= Beginning of Section =
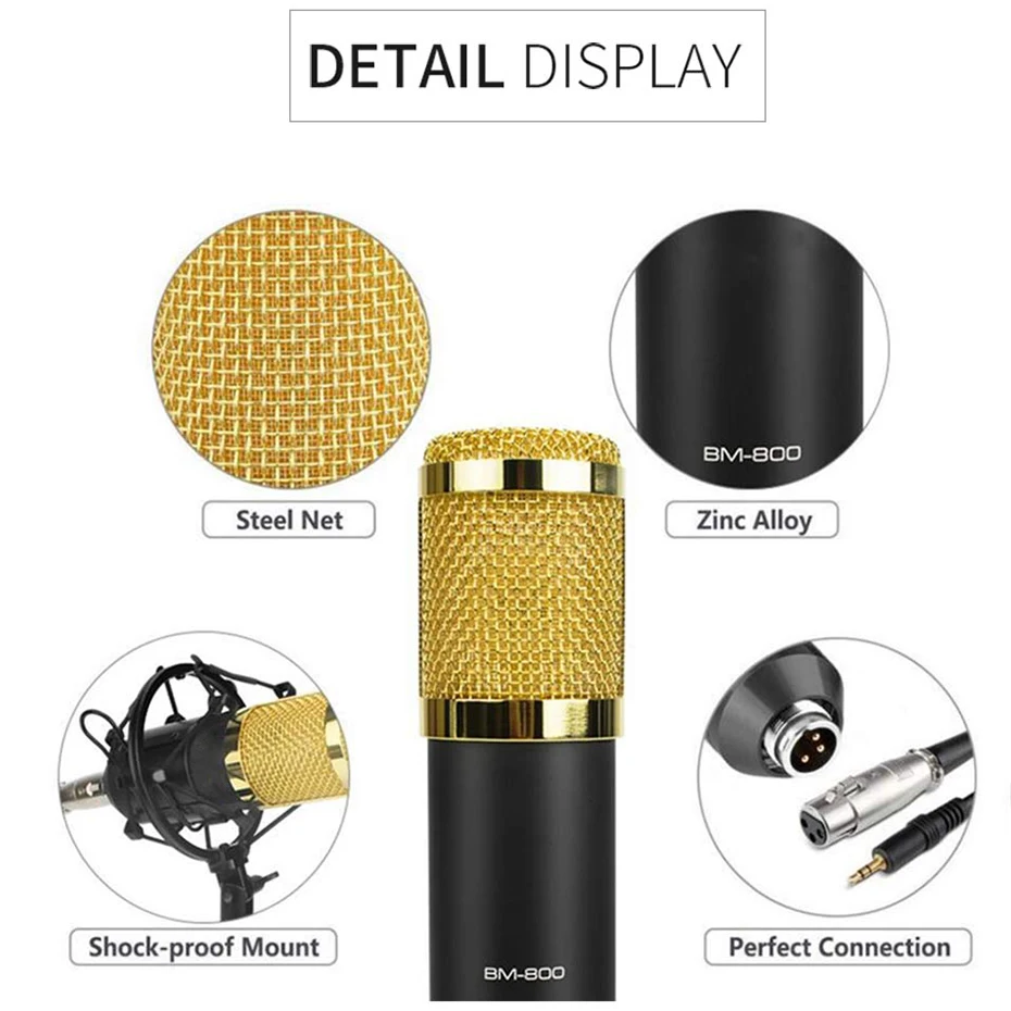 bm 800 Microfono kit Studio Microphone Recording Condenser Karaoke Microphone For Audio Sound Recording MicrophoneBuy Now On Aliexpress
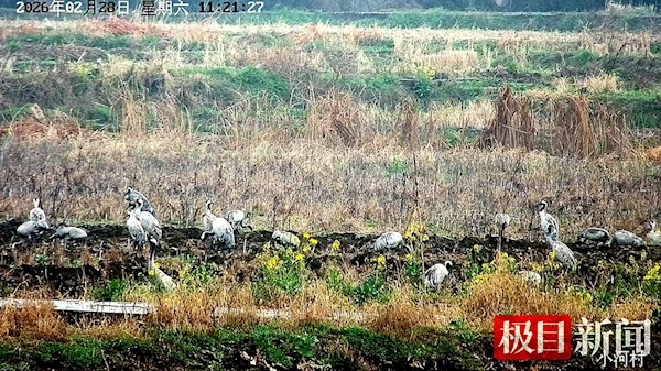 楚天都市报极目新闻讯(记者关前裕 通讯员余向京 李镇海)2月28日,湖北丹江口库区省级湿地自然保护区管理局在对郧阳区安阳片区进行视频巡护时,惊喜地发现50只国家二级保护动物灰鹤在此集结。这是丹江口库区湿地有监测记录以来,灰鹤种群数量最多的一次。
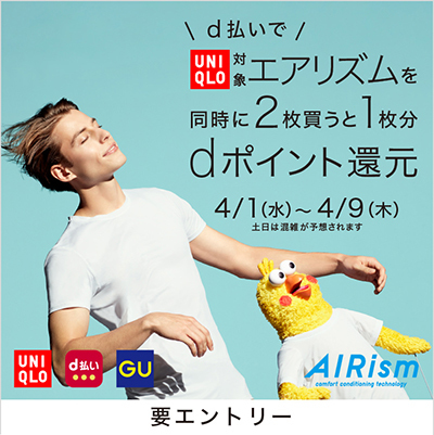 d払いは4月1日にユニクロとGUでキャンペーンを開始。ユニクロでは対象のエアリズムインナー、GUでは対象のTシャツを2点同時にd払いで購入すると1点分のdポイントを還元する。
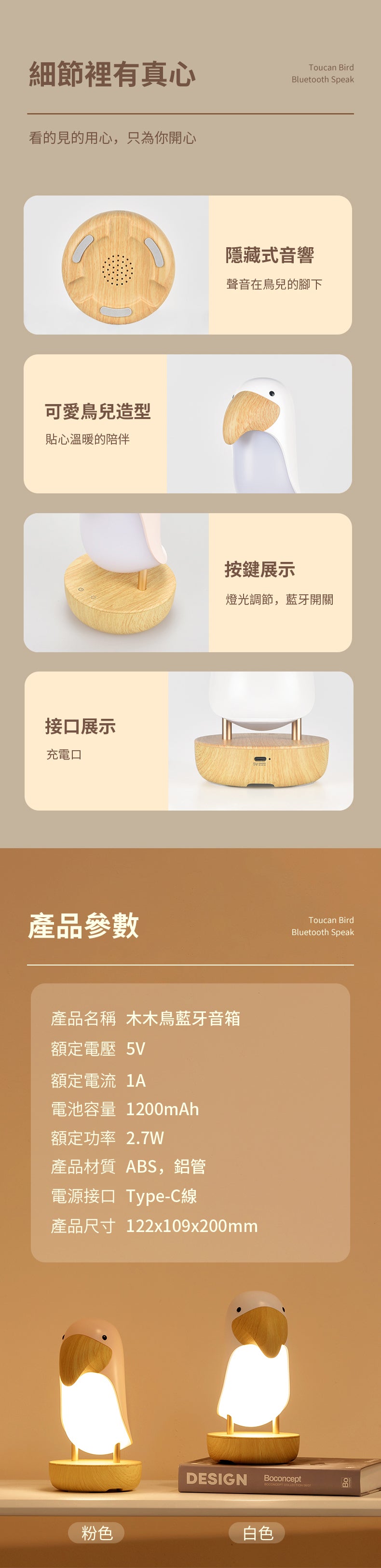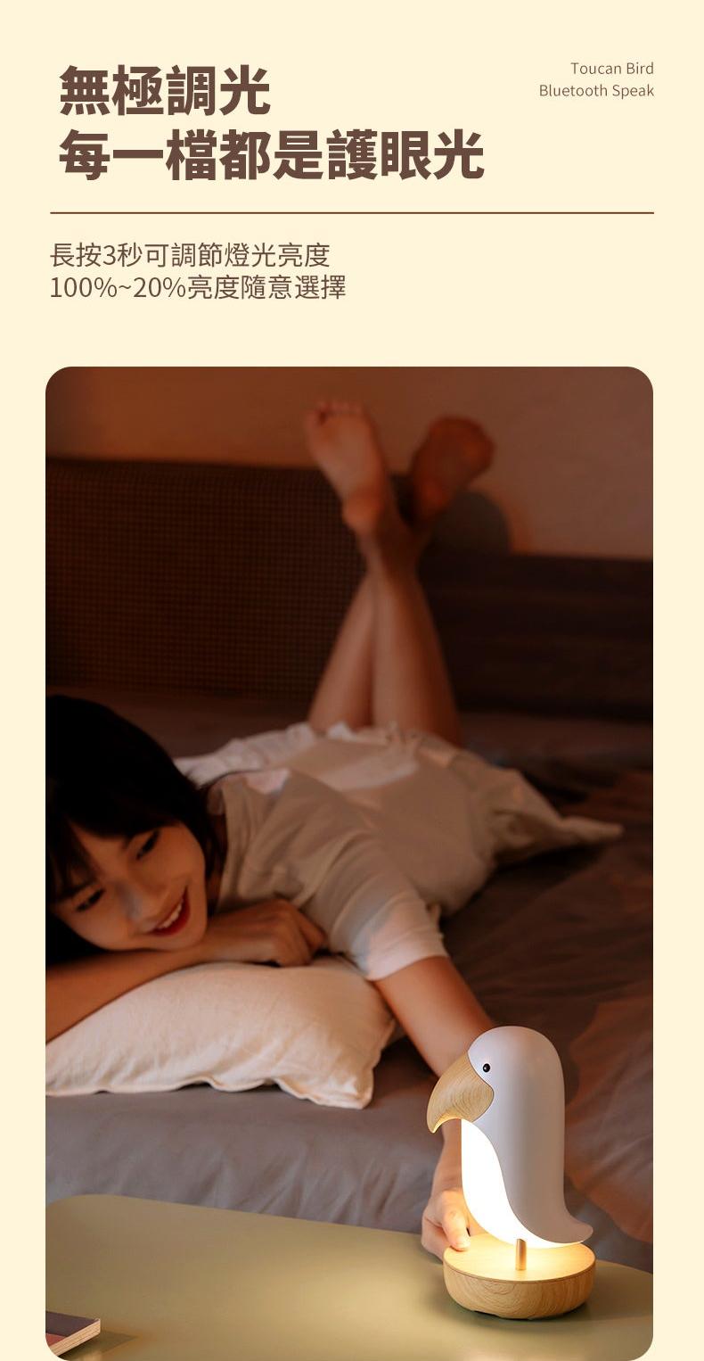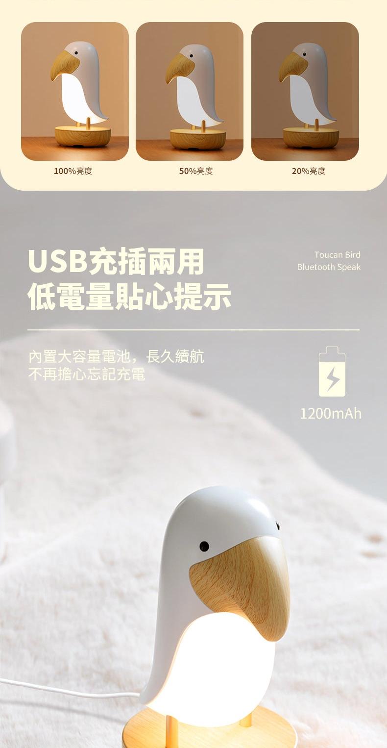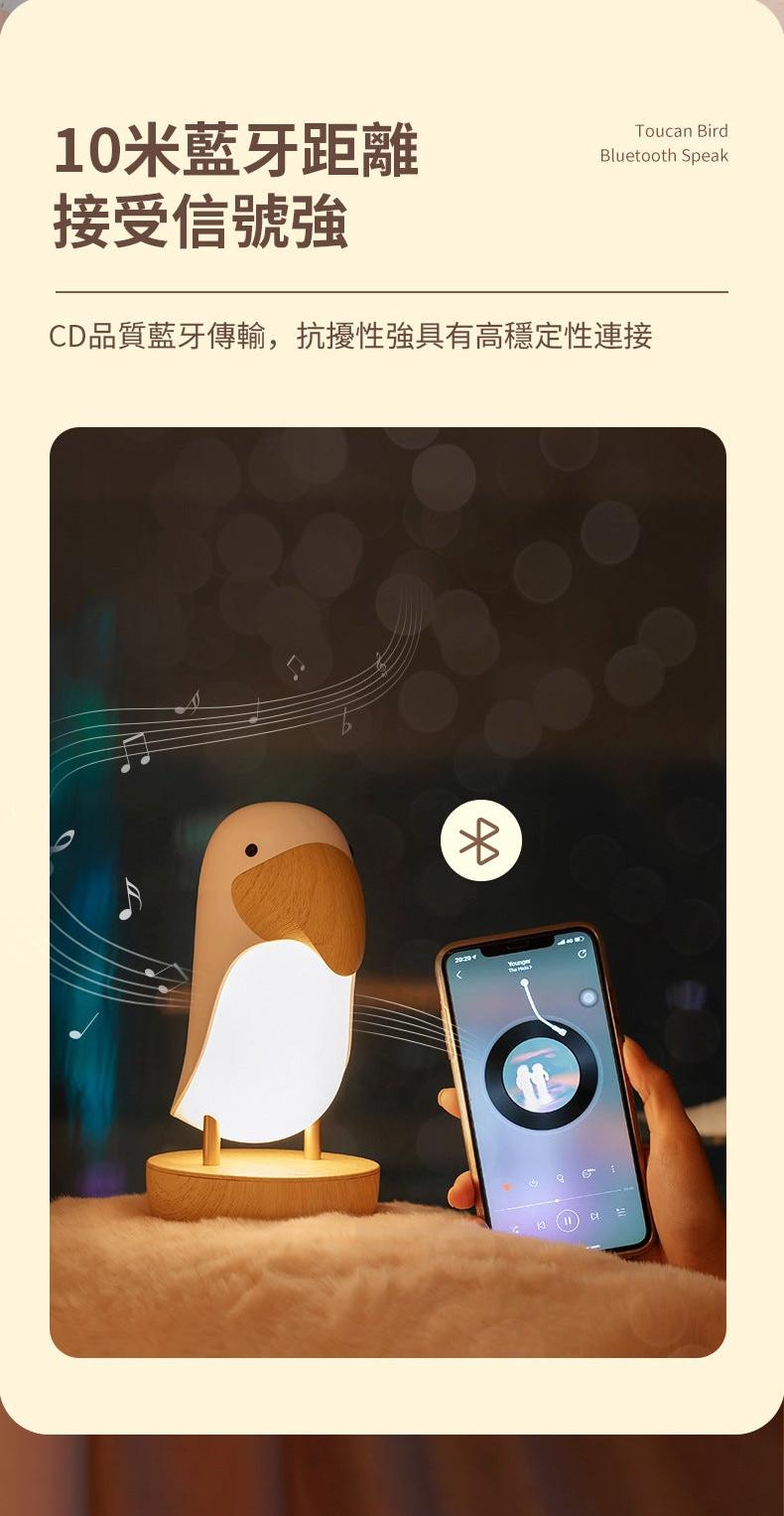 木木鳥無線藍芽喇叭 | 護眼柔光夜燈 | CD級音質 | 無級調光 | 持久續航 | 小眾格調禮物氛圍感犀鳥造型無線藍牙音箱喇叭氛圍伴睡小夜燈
= End of Section =
About this task
Your reply should consist of the data, transcribed exactly, and should hold no pictures.

Task output
 bm 800 Microfono kit Studio Microphone Recording Condenser Karaoke Microphone For Audio Sound Recording MicrophoneBuy Now On Aliexpress
 楚天都市报极目新闻讯(记者关前裕 通讯员余向京 李镇海)2月28日,湖北丹江口库区省级湿地自然保护区管理局在对郧阳区安阳片区进行视频巡护时,惊喜地发现50只国家二级保护动物灰鹤在此集结。这是丹江口库区湿地有监测记录以来,灰鹤种群数量最多的一次。
 d払いは4月1日にユニクロとGUでキャンペーンを開始。ユニクロでは対象のエアリズムインナー、GUでは対象のTシャツを2点同時にd払いで購入すると1点分のdポイントを還元する。
 木木鳥無線藍芽喇叭 | 護眼柔光夜燈 | CD級音質 | 無級調光 | 持久續航 | 小眾格調禮物氛圍感犀鳥造型無線藍牙音箱喇叭氛圍伴睡小夜燈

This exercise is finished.